— PROBLEM —
Your copy should hold only the lines from the one with "Sideboard, 54-inch kitchen" to the one with "Купить Кукла Barbie", both included, each exactly as it stands below, with no pictures.
[DATASET EXCERPTS]
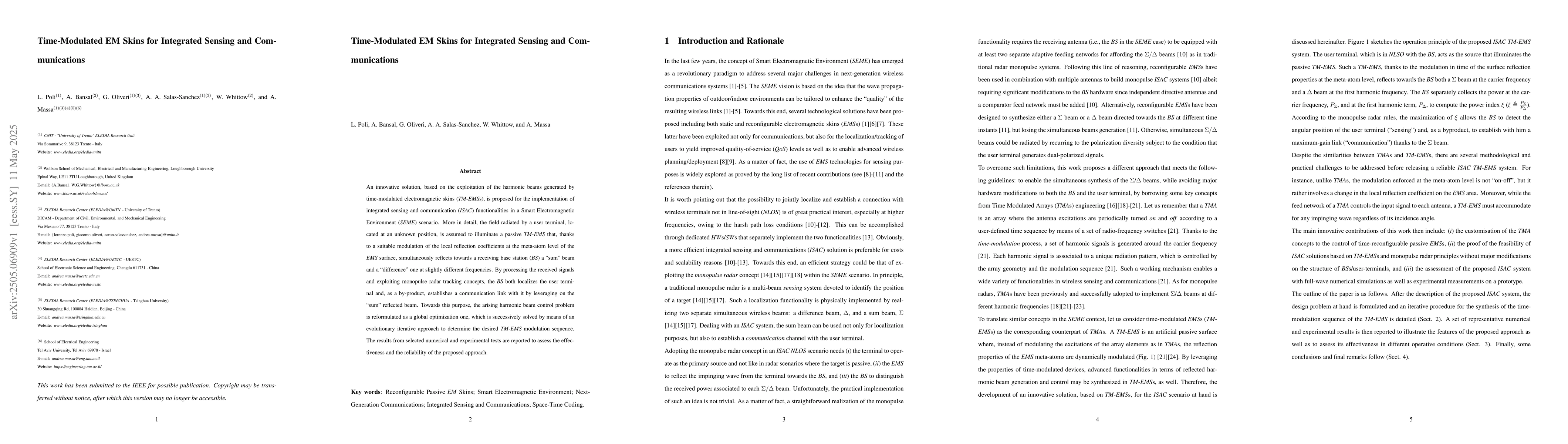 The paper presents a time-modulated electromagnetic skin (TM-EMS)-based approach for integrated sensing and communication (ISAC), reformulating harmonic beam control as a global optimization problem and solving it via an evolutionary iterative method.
[/DATASET EXCERPTS]
[DATASET EXCERPTS]
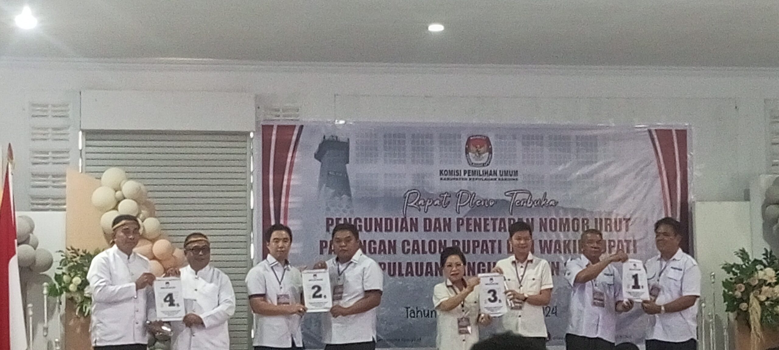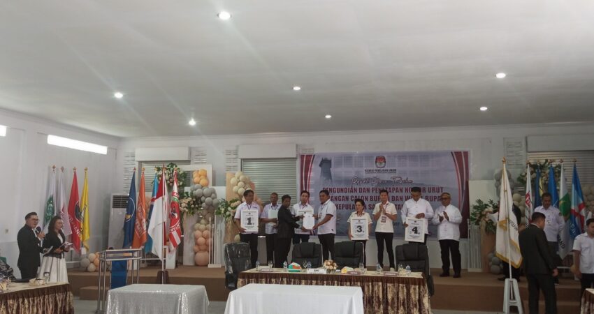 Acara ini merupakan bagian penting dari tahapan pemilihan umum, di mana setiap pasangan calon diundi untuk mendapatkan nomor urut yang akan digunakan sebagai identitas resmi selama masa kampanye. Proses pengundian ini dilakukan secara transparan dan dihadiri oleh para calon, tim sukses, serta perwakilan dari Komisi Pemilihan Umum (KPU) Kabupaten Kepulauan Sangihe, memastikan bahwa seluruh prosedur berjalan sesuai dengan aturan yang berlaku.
[/DATASET EXCERPTS]
[DATASET EXCERPTS]
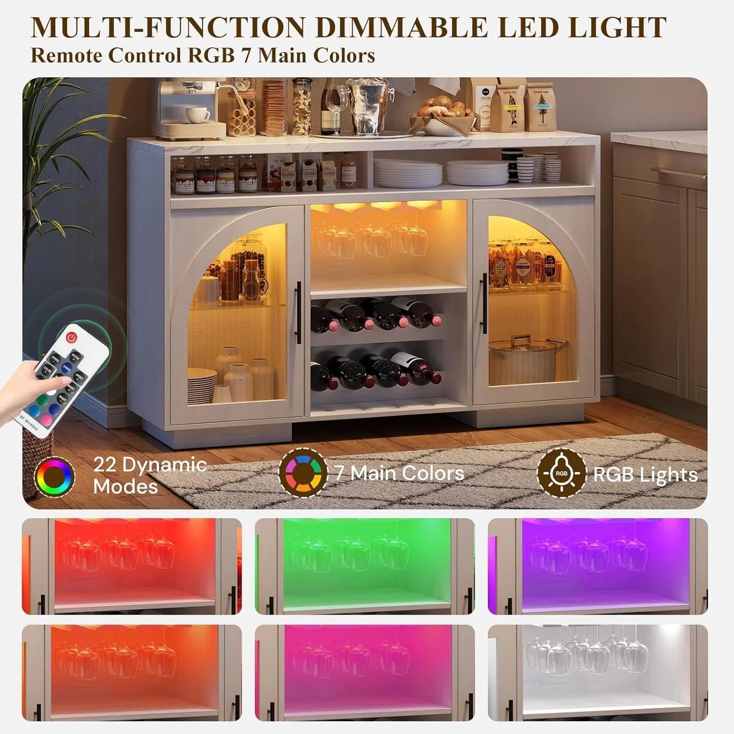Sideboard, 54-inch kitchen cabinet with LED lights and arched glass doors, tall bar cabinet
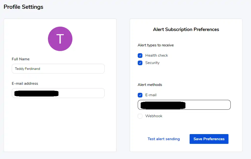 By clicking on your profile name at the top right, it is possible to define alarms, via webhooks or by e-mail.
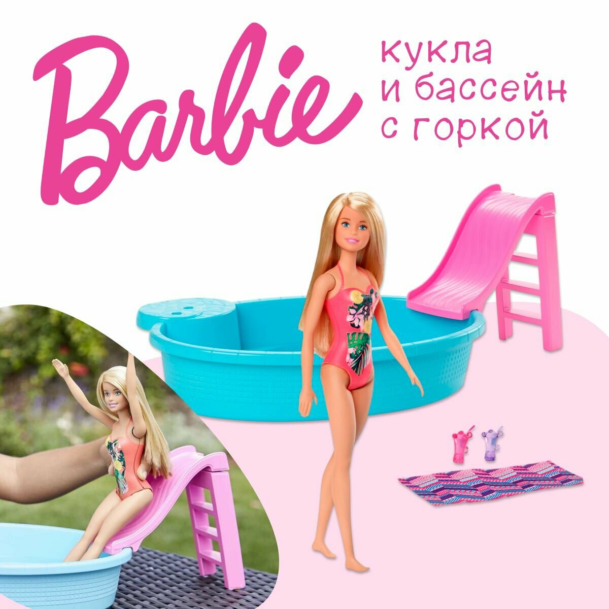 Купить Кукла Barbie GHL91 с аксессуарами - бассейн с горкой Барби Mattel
[/DATASET EXCERPTS]
— RESPONSE —
Sideboard, 54-inch kitchen cabinet with LED lights and arched glass doors, tall bar cabinet
 By clicking on your profile name at the top right, it is possible to define alarms, via webhooks or by e-mail.
 Купить Кукла Barbie GHL91 с аксессуарами - бассейн с горкой Барби Mattel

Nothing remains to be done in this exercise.